The United States Supreme Court on Friday handed down a decision in the birthright citizenship case, perhaps the most important one of the judicial year, which concluded a frenetic day in which five other rulings were released as well. The nine justices did not address the constitutionality of President Donald Trump’s executive order, which he issued on his first day back in the Oval Office, aimed largely at ending automatic citizenship for children born on U.S. soil to undocumented migrants. And the justices did not do so because what the Trump administration was really seeking was for the justices to rule on nationwide injunctions —whether a decision by a federal judge in, say, Cheyenne, Wyoming contradicting an executive decision by a president should have effect on the entire country, as is currently the case, or only on the parties who filed the lawsuit.
The Supreme Court issued a 119-page decision (6-3) that was split along ideological lines: the six conservatives on one side; the three liberals on the other. The majority opinion is signed by Amy Coney Barrett, and states that when federal judges rule on an executive decision, they should apply that decision “as narrowly as possible.” It also calls on the high court to revisit the underlying case, on the issue of birthright citizenship.
It may seem like a purely procedural matter, but it is an enormously significant ruling, not only because it rebalances the relationship between the executive and judicial branches and changes the rules of the game in a procedural system that is often incomprehensible from a European perspective, but also because it paves the way for Trump to advance along the path of expanding presidential executive powers, ignoring the other two branches, legislative and judicial, as he has been doing in the five months since his return to the White House.
During that time, the Republican magnate has governed through executive orders and decrees, which in dozens of cases have been stopped by federal judges across the United States, where such positions are more politically charged than in other legal systems: federal judges are appointed by presidents, whether Democratic or Republican, and confirmed by the Senate. Following Friday’s Supreme Court ruling, when one of those federal judges orders a pause on an executive decision, it will not automatically prohibit its enforcement in all 50 states.
The current president is not the first to question that system.
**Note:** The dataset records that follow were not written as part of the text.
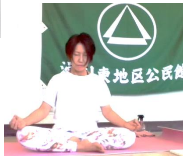
「骨盤調整ヨガ体験」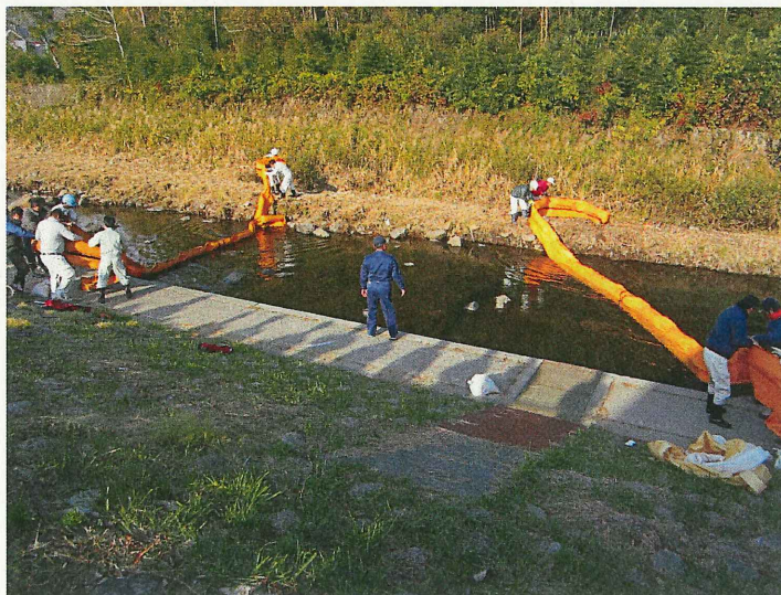
オイルフェンスの展張訓練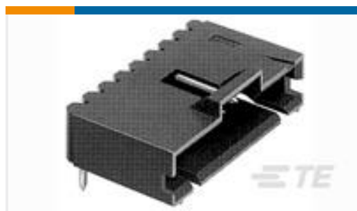
TE 产品编号103634-3 04 MTE HDR SRRA LATCH .100CL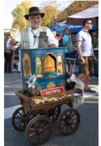
Auch einen Drehorgelspieler gab es zu hören und zu bestaunen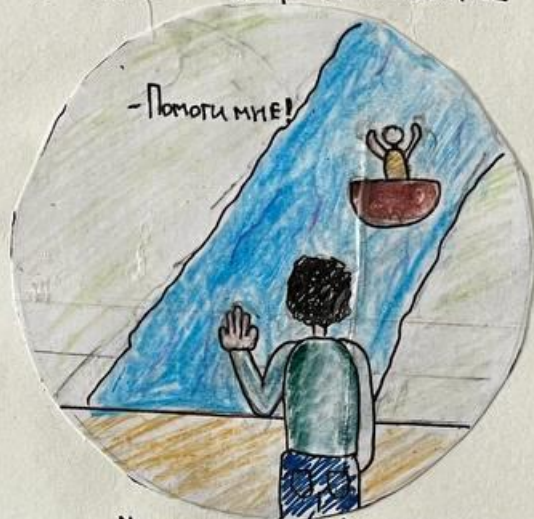
Меннерс тонет. Понгрек из-за злобы на него за жену не помог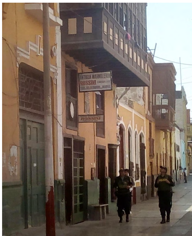
Figura 5 Policías en los alrededores

Por un lado, la policía siempre ubicada en lugares estratégicos o caminando entre los jirones (Figura 5) y, por el otro, la seguridad municipal posicionada en las plazas Matriz y Gálvez. Generando así una especie de frontera simbólica, un enclave de seguridad, que garantice a los turistas su recorrido y su seguridad.

As the use of executive power has grown since the days of George W. Bush, so has the ability of federal judges to counter it, and the frustration of successive administrations, including those of Barack Obama and Joe Biden.
Trump signed the executive order that originated the case to repeal birthright citizenship, which is guaranteed by the Fourteenth Amendment, on his first day in the Oval Office, but three federal judges suspended the rule’s application with nationwideeffect.
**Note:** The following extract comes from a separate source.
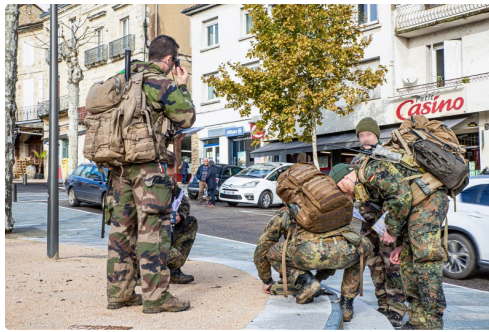
Stagiaires au travail à Vic-Fezensac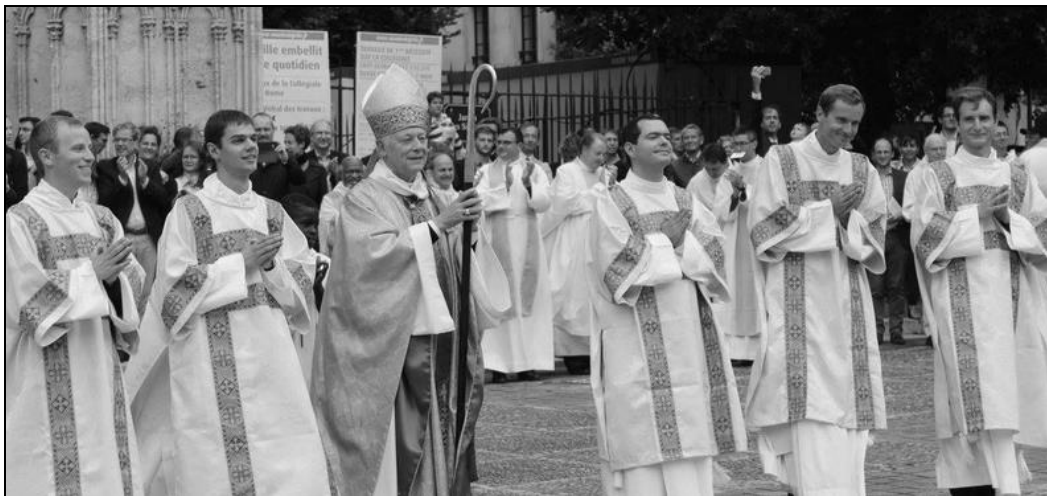
Les ordinations diaconales par Mgr Aumonier

Pushing the limits of power
The case has enormous implications given Trump’s tendency to push the limits of executive power with decisions whose main focus of resistance has been in the courts.
Trump decreed the end of birthright citizenship when the parents are undocumented immigrants or when the mother’s presence in the country is legal but temporary (such as someone with a student, work, or tourist visa) and the father is not a U.S. citizen or a legal permanent resident.
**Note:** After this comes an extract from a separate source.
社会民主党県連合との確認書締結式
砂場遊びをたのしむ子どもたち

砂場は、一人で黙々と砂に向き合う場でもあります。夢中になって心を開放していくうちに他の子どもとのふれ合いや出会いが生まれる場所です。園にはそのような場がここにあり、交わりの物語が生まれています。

This decree runs counter to the interpretation of the law for more than a century following an amendment ratified in 1868, which states: “All persons born or naturalized in the United States . . . are citizens of the United States and of the State wherein they reside.” It was passed to end the Supreme Court’s interpretation that permanently excluded people of African descent from obtaining U.S. citizenship solely on the basis of race.
In a landmark 1898 ruling on an Asian immigrant, United States v. Wong Kim Ark, the Supreme Court broadly interpreted the Fourteenth Amendment, granting automatic citizenship to virtually all children born in the country. Since then, children of immigrants born in the United States have acquired citizenship regardless of their parents’ legal status.
What Trump intends to do, as part of his anti-immigrant agenda and xenophobic rhetoric, is to change this exception in the future, not retroactively. The U.S. president maintains that undocumented immigrants are not subject to U.S. jurisdiction and, therefore, are not entitled to birthright citizenship. Traditionally, the only excluded individuals have been the children of diplomatic personnel or, in a hypothetical scenario, the descendants of occupation forces on U.S. soil.